▸ Your assignment:
Copy down the listing below exactly. Do not include pictures.

▸ Source data:
----------
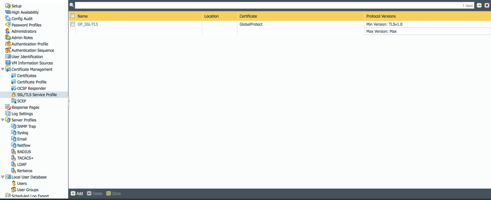 1. Go to device > Certificate mgt > ssl/tls service profile > add. It should look like the image (2) below when you are done.
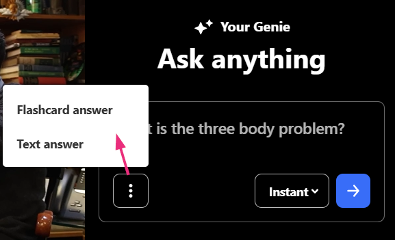 After a few seconds, your answer appears as flashcards or text, depending on your question / selected format.
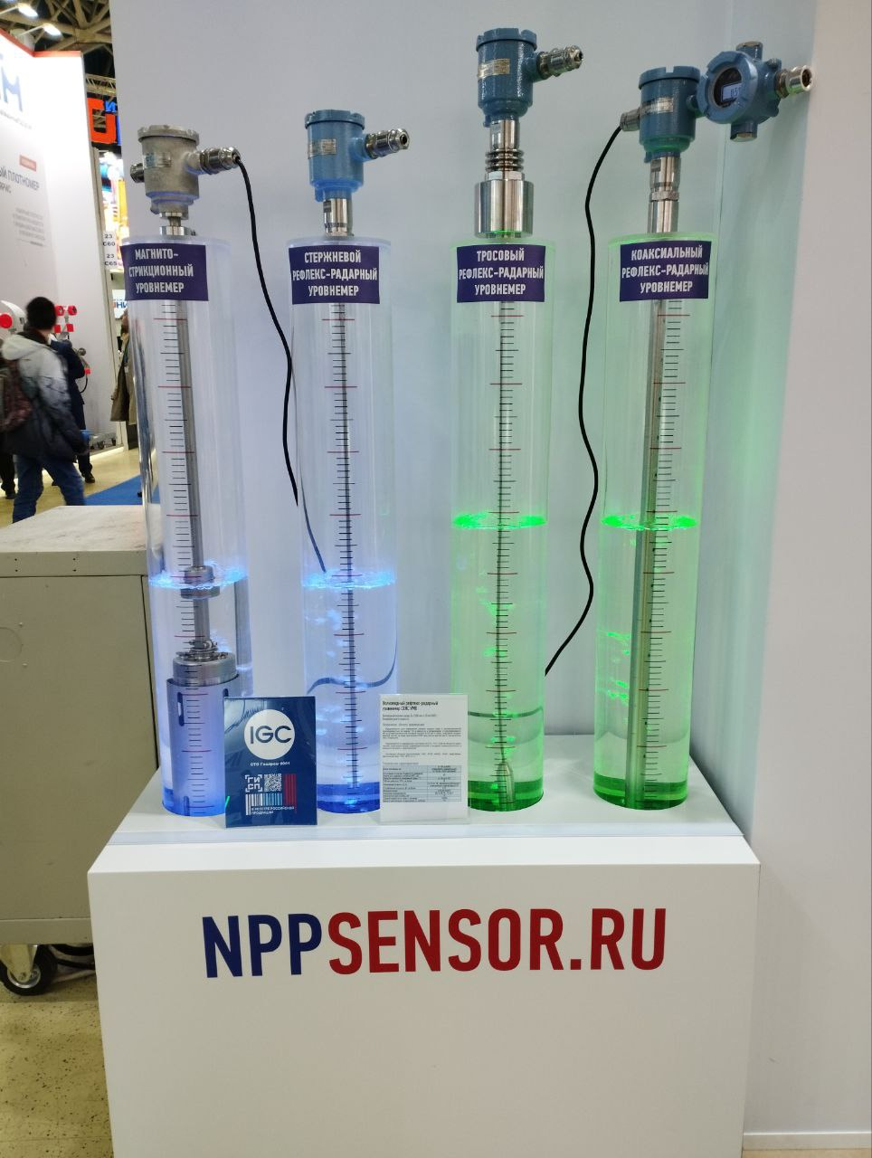На выставочном стенде НПП «СЕНСОР» были представлены образцы серийной продукции и новые технические решения. Серийно выпускаемая продукция включает в себя газосигнализаторы НКПР взрывоопасных газов, устройства заземления автоцистерн, измерительное оборудование для операторов АЗС и нефтехранилищ.
----------
▸ Answer for the task:
 1. Go to device > Certificate mgt > ssl/tls service profile > add. It should look like the image (2) below when you are done.
 After a few seconds, your answer appears as flashcards or text, depending on your question / selected format.
На выставочном стенде НПП «СЕНСОР» были представлены образцы серийной продукции и новые технические решения. Серийно выпускаемая продукция включает в себя газосигнализаторы НКПР взрывоопасных газов, устройства заземления автоцистерн, измерительное оборудование для операторов АЗС и нефтехранилищ.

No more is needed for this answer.